- _TASK ITEM_: Pictures are not repeated. Every line from the beginning of the entries through the one with "you have completed." is restated exactly.

++++ ENTRIES SHOWN

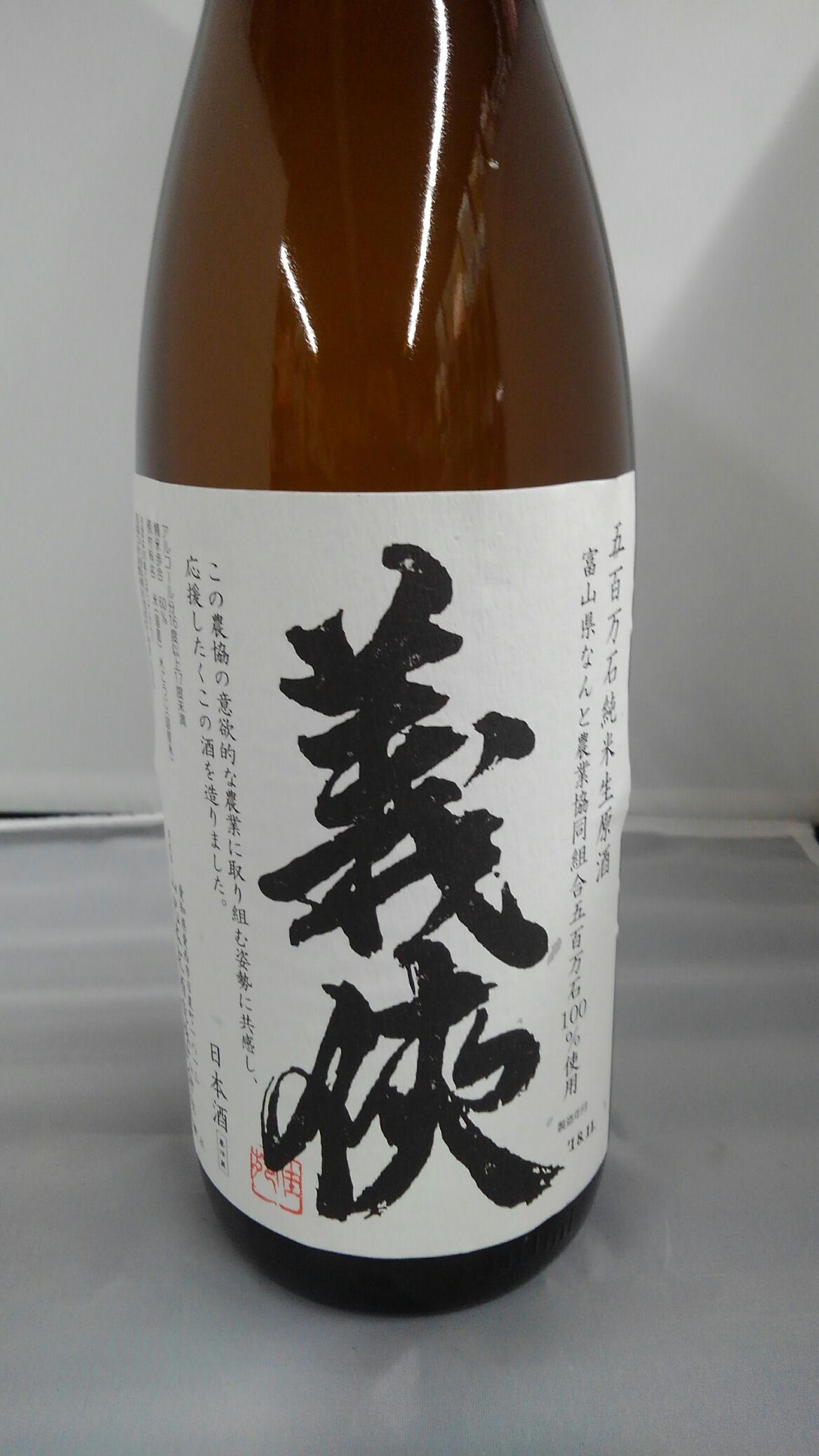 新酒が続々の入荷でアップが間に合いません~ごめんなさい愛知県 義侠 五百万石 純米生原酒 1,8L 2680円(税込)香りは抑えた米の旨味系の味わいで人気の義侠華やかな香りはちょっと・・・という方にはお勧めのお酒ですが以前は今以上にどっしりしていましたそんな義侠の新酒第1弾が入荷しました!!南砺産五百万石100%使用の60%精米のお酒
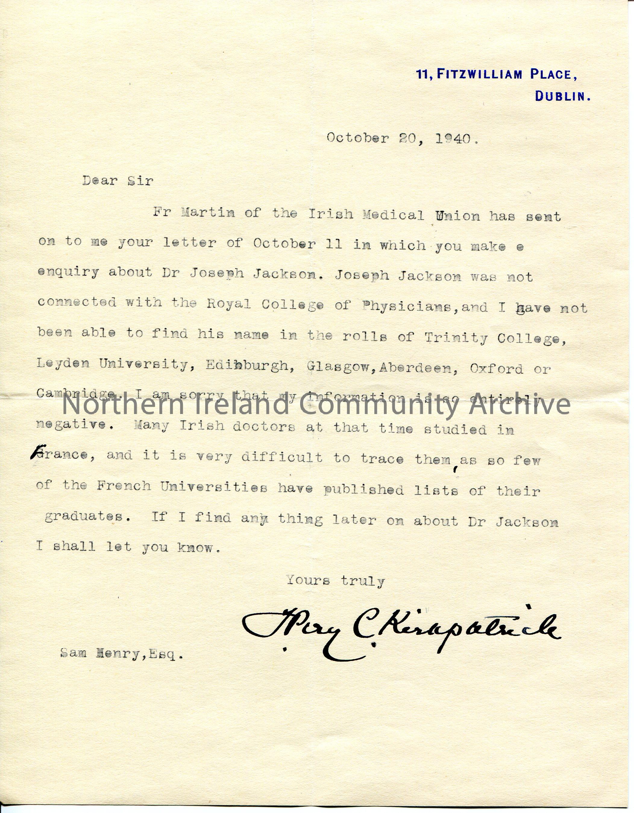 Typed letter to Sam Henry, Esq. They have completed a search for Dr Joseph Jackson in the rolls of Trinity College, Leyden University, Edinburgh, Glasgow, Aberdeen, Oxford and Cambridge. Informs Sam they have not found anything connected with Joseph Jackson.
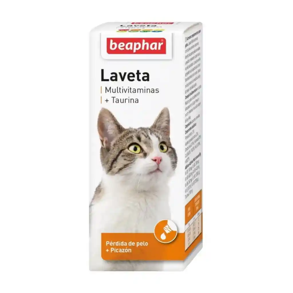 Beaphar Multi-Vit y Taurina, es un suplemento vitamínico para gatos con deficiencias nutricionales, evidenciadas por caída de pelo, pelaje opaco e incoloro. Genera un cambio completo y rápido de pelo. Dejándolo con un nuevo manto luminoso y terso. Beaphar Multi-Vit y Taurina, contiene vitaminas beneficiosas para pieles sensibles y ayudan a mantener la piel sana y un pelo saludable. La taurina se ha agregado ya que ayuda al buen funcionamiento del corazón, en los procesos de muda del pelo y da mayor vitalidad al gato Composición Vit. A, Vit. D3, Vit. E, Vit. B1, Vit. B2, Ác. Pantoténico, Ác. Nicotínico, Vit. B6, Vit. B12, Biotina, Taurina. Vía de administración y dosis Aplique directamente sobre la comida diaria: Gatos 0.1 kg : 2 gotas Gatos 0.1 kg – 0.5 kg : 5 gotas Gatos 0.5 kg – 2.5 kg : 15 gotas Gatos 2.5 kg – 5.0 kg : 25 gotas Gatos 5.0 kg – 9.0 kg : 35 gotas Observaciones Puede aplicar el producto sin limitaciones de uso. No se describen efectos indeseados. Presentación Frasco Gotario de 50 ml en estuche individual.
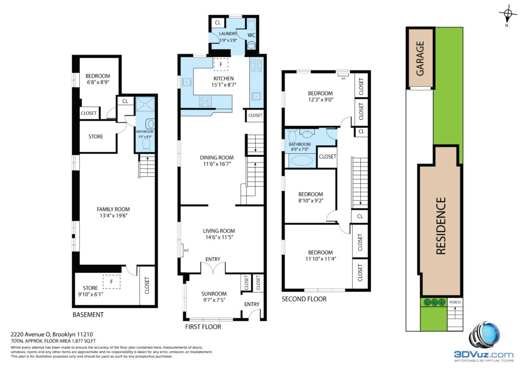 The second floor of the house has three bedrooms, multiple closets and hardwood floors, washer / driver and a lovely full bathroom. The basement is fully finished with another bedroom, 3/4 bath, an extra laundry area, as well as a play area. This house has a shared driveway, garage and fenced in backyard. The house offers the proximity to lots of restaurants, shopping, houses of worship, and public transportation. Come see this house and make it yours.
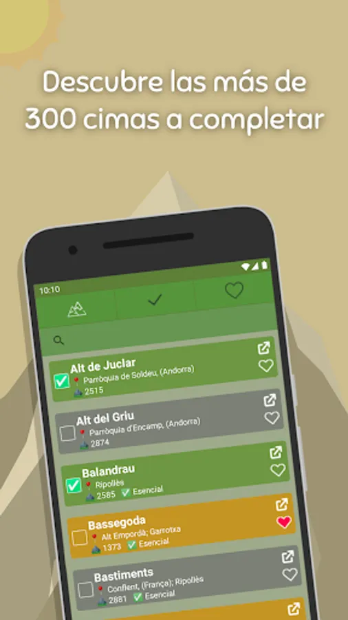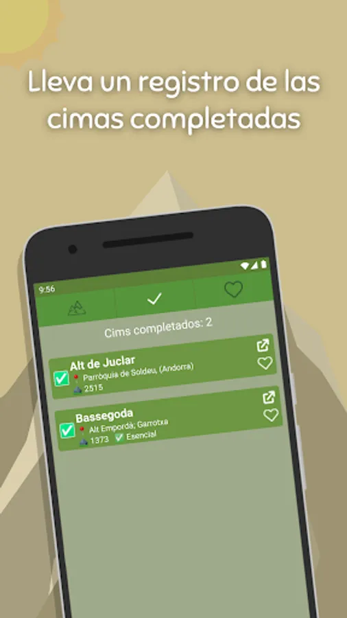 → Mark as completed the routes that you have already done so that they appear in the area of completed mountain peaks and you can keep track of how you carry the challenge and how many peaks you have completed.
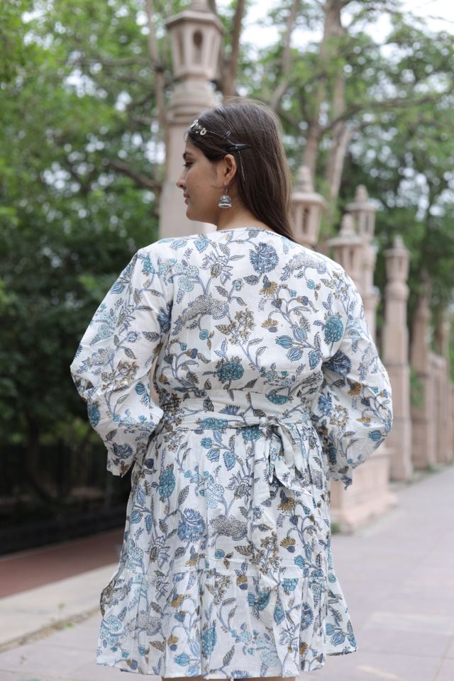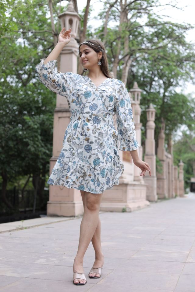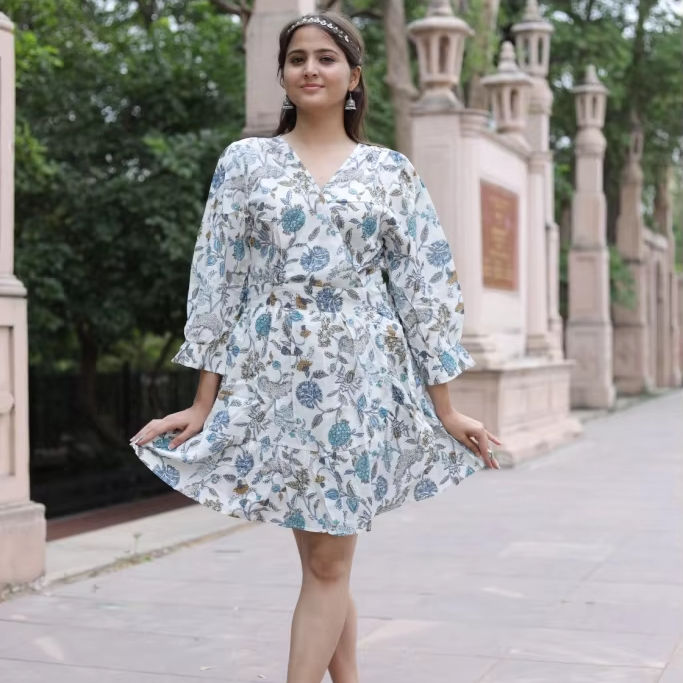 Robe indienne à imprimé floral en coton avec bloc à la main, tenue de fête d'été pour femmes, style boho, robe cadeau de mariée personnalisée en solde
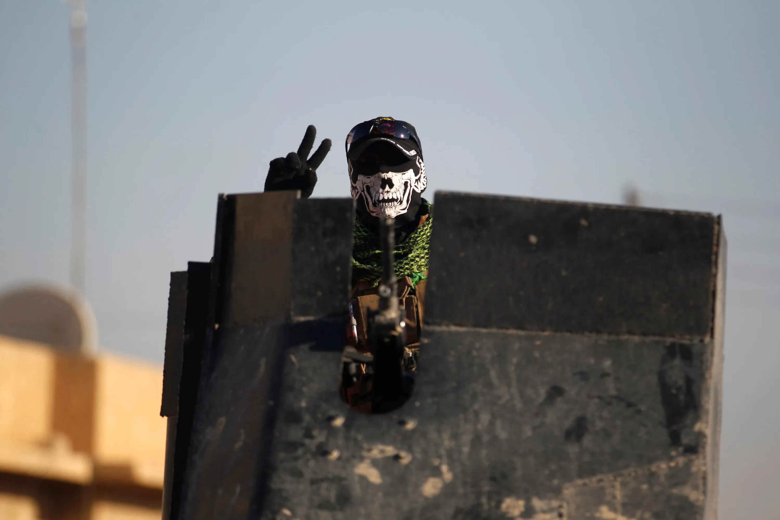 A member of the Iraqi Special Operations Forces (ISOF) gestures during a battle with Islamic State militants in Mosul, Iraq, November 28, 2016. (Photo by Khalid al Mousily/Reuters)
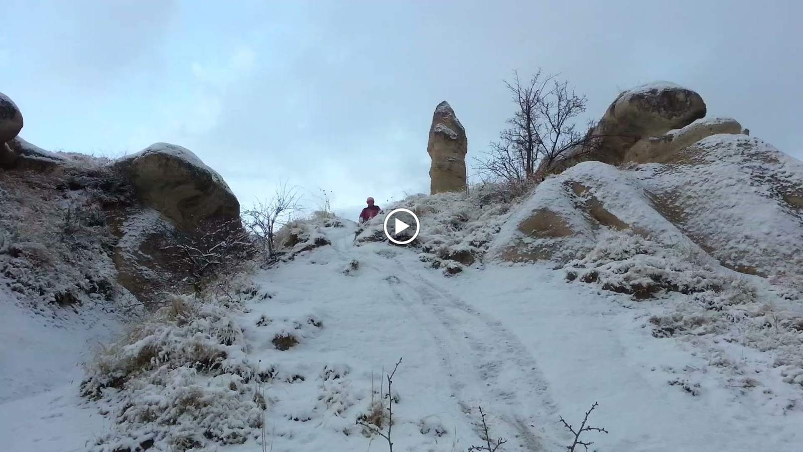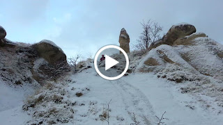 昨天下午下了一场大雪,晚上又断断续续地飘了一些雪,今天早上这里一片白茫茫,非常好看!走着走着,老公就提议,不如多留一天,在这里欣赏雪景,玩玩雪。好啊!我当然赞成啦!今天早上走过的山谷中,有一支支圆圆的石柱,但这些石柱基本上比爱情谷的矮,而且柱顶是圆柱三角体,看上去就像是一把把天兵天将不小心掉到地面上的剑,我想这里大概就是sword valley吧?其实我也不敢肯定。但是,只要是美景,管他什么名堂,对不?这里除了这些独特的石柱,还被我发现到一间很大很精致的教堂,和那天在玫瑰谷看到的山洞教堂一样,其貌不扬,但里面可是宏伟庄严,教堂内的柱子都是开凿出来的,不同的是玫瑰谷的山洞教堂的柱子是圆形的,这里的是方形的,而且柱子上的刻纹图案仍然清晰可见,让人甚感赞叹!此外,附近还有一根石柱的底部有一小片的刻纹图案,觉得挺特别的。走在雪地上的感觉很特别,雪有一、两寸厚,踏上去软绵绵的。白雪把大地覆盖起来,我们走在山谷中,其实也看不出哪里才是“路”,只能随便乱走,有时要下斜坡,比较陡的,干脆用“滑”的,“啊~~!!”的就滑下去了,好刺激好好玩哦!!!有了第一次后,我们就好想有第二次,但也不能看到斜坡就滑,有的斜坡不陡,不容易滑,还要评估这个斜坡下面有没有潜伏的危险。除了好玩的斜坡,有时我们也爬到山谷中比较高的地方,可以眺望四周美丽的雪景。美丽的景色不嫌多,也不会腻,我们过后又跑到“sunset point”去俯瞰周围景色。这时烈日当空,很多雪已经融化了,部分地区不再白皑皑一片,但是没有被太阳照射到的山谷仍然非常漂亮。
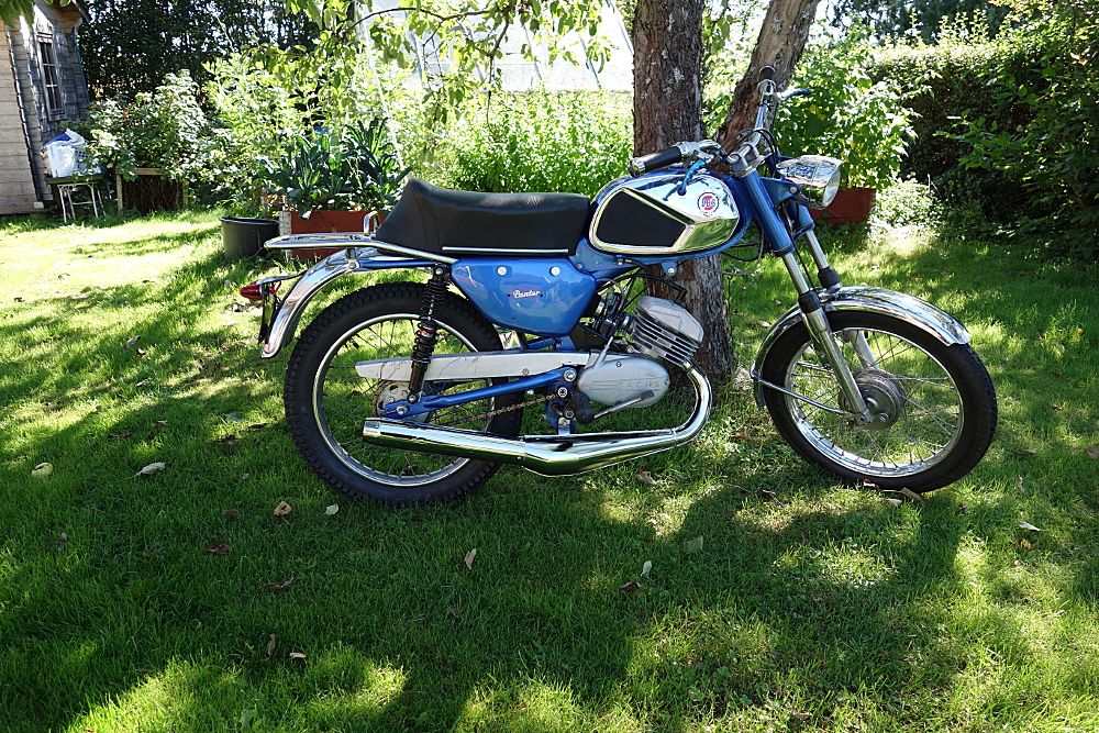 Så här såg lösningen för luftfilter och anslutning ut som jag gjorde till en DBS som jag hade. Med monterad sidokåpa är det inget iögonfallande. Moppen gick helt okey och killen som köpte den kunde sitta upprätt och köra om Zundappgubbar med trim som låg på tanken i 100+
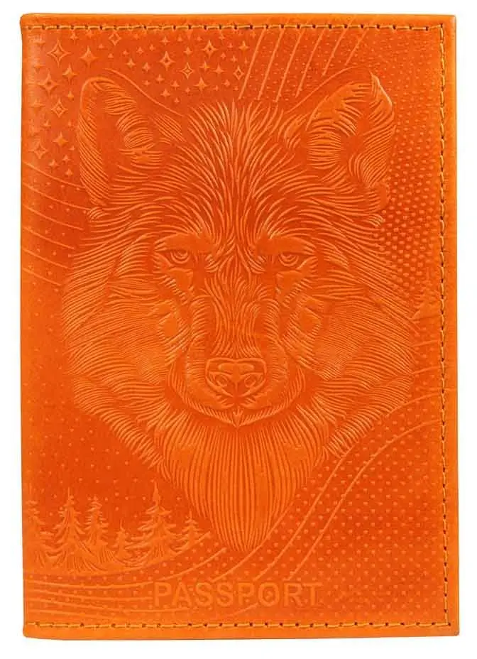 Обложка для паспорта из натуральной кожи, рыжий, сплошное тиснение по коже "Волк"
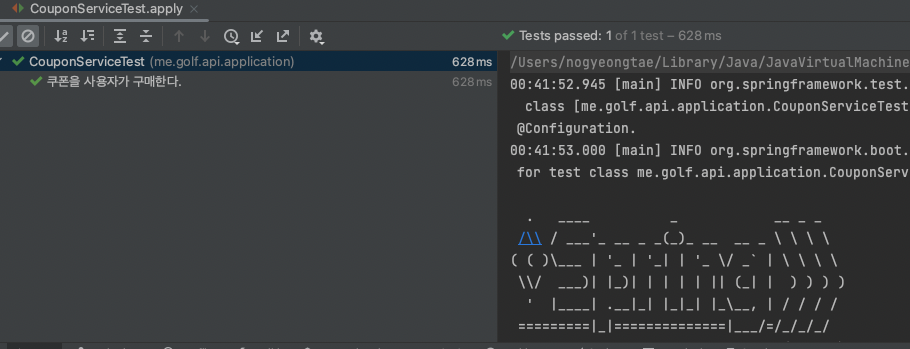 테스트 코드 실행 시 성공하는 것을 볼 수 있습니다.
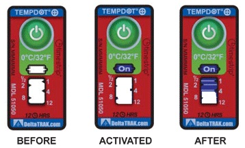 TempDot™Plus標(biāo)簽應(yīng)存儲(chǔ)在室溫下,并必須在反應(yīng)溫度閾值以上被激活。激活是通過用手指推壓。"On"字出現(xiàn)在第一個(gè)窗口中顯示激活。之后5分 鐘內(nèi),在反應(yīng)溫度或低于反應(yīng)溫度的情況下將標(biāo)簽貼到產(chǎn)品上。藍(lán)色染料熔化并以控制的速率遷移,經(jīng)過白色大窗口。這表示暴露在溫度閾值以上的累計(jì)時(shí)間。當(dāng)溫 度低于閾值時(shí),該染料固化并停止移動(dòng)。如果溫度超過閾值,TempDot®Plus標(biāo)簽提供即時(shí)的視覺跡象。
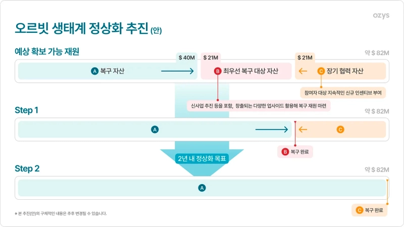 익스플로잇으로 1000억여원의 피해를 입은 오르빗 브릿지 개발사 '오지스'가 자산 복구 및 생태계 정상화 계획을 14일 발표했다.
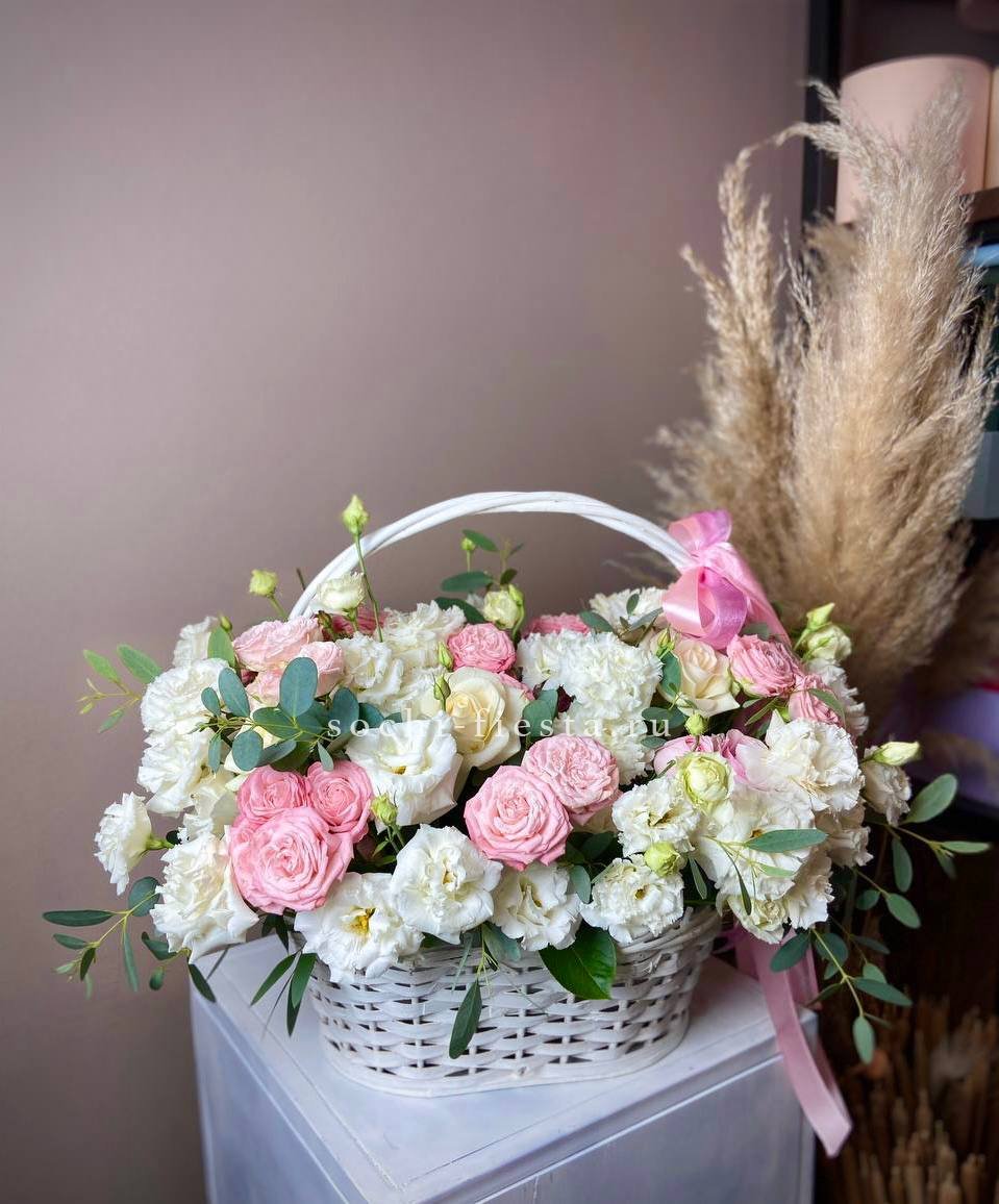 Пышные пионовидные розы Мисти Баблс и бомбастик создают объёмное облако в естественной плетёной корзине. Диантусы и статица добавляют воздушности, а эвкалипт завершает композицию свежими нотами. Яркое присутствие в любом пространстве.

++++++++

- _EXERCISE SOLUTION_:
 新酒が続々の入荷でアップが間に合いません~ごめんなさい愛知県 義侠 五百万石 純米生原酒 1,8L 2680円(税込)香りは抑えた米の旨味系の味わいで人気の義侠華やかな香りはちょっと・・・という方にはお勧めのお酒ですが以前は今以上にどっしりしていましたそんな義侠の新酒第1弾が入荷しました!!南砺産五百万石100%使用の60%精米のお酒
 Typed letter to Sam Henry, Esq. They have completed a search for Dr Joseph Jackson in the rolls of Trinity College, Leyden University, Edinburgh, Glasgow, Aberdeen, Oxford and Cambridge. Informs Sam they have not found anything connected with Joseph Jackson.
 Beaphar Multi-Vit y Taurina, es un suplemento vitamínico para gatos con deficiencias nutricionales, evidenciadas por caída de pelo, pelaje opaco e incoloro. Genera un cambio completo y rápido de pelo. Dejándolo con un nuevo manto luminoso y terso. Beaphar Multi-Vit y Taurina, contiene vitaminas beneficiosas para pieles sensibles y ayudan a mantener la piel sana y un pelo saludable. La taurina se ha agregado ya que ayuda al buen funcionamiento del corazón, en los procesos de muda del pelo y da mayor vitalidad al gato Composición Vit. A, Vit. D3, Vit. E, Vit. B1, Vit. B2, Ác. Pantoténico, Ác. Nicotínico, Vit. B6, Vit. B12, Biotina, Taurina. Vía de administración y dosis Aplique directamente sobre la comida diaria: Gatos 0.1 kg : 2 gotas Gatos 0.1 kg – 0.5 kg : 5 gotas Gatos 0.5 kg – 2.5 kg : 15 gotas Gatos 2.5 kg – 5.0 kg : 25 gotas Gatos 5.0 kg – 9.0 kg : 35 gotas Observaciones Puede aplicar el producto sin limitaciones de uso. No se describen efectos indeseados. Presentación Frasco Gotario de 50 ml en estuche individual.
 The second floor of the house has three bedrooms, multiple closets and hardwood floors, washer / driver and a lovely full bathroom. The basement is fully finished with another bedroom, 3/4 bath, an extra laundry area, as well as a play area. This house has a shared driveway, garage and fenced in backyard. The house offers the proximity to lots of restaurants, shopping, houses of worship, and public transportation. Come see this house and make it yours.
 → Mark as completed the routes that you have already done so that they appear in the area of completed mountain peaks and you can keep track of how you carry the challenge and how many peaks you have completed.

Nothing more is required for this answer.